Does it sound like there’s the makings of a full-length feature film in there to you? Quite frankly, I fail to see how there’s enough material in the event for movie–it’s a critical event, sure, but one moment in a larger, more interesting story about wine, wine consumption, and wine production.
But that must be why I am not a Hollywood executive since there are currently two separate–and rival!–productions to portray these events on the silver screen. One version, “Bottle Shock,” supposedly begins shooting next week with Alan Rickman as Steven Spurrier, the Englishman who organized the original tasting. Danny DeVito will play Mike Grgich, the Croatian immigrant who made the winning chardonnay and is also know for effectively pulling off a beret. Yes, this means DeVito will be filmed wearing a beret! (I think he can pull it off.) And with the endorsement of Grgich and Jim Barrett, owner of Chateau Montelena, since they favor this version of the events.

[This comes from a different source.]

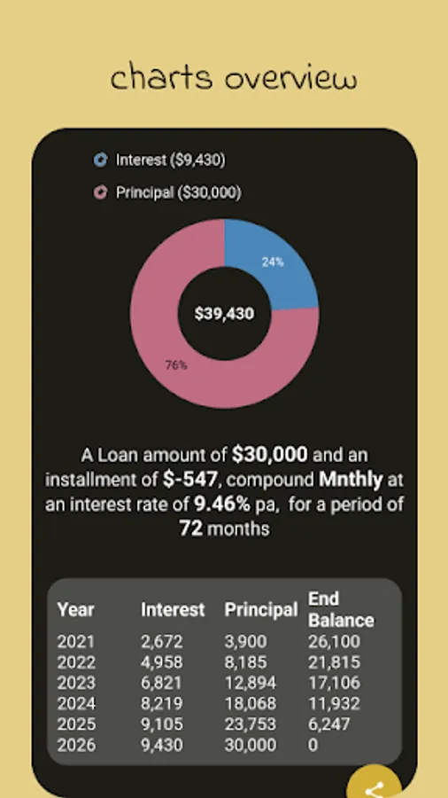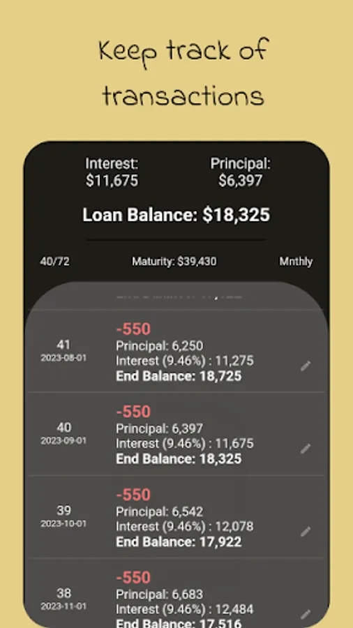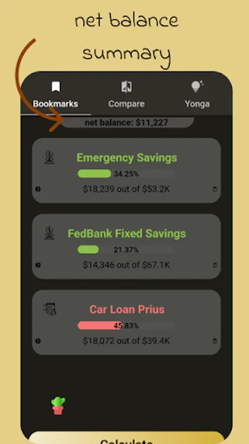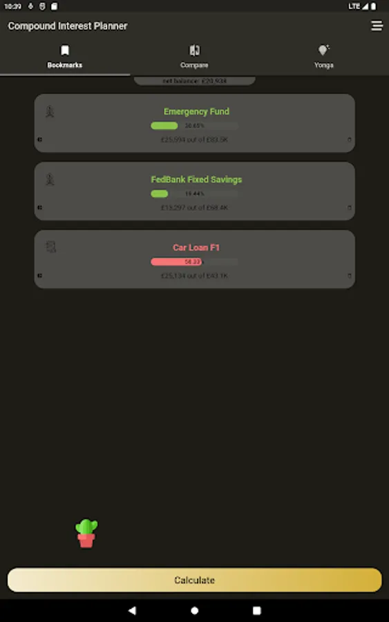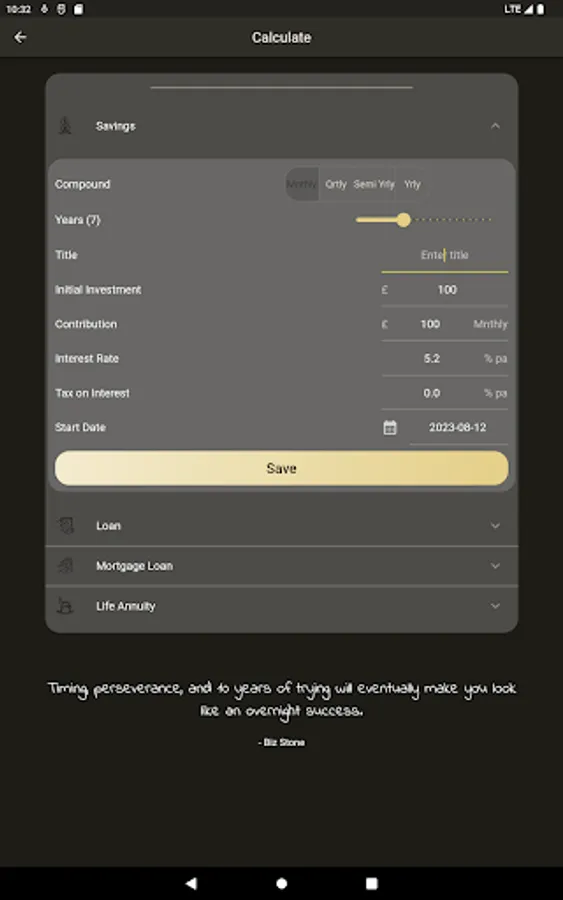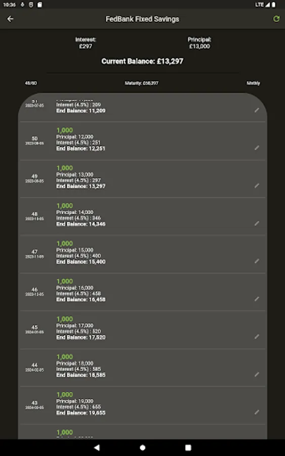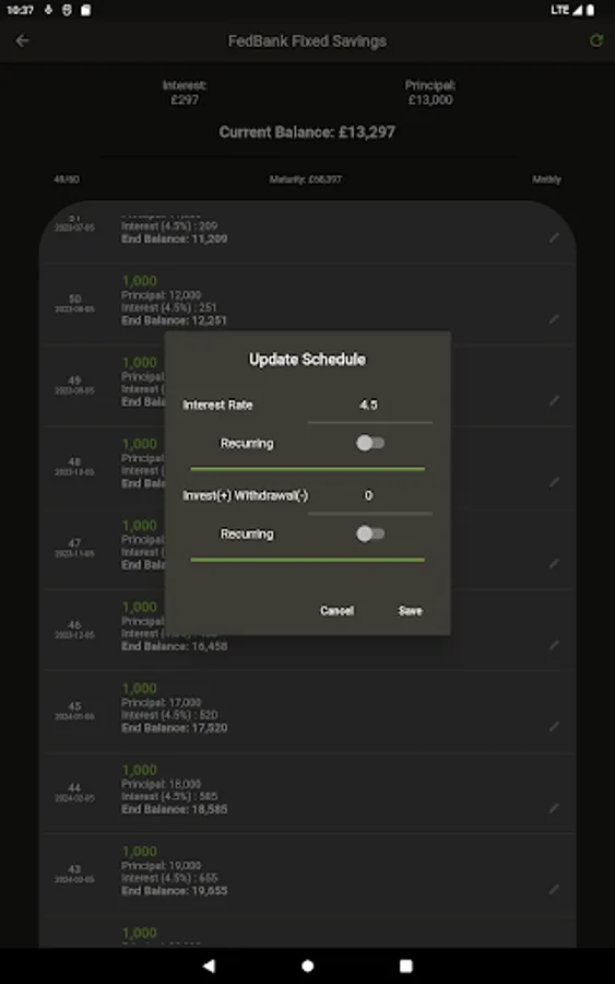 Saved calculations can be edited by either changing the interest rate, and adding or withdrawing for a specific period.

Another production, “The Judgment of Paris,” has Spurrier’s official endorsement as well as that of George Taber, the author of the book of that name based on his reporting for TIME magazine (originally a four paragraph story). They’re still looking for a lead, with Hugh Grant and Jude Law “rumored.” (No word on who will wear the beret in this version) And now various parties associated with this film are threatening to sue “Bottle Shock.”
Thirty years later, the tasting still generates controversy. But in this case, the box office will be the final arbiter. If they don’t both flop, that is.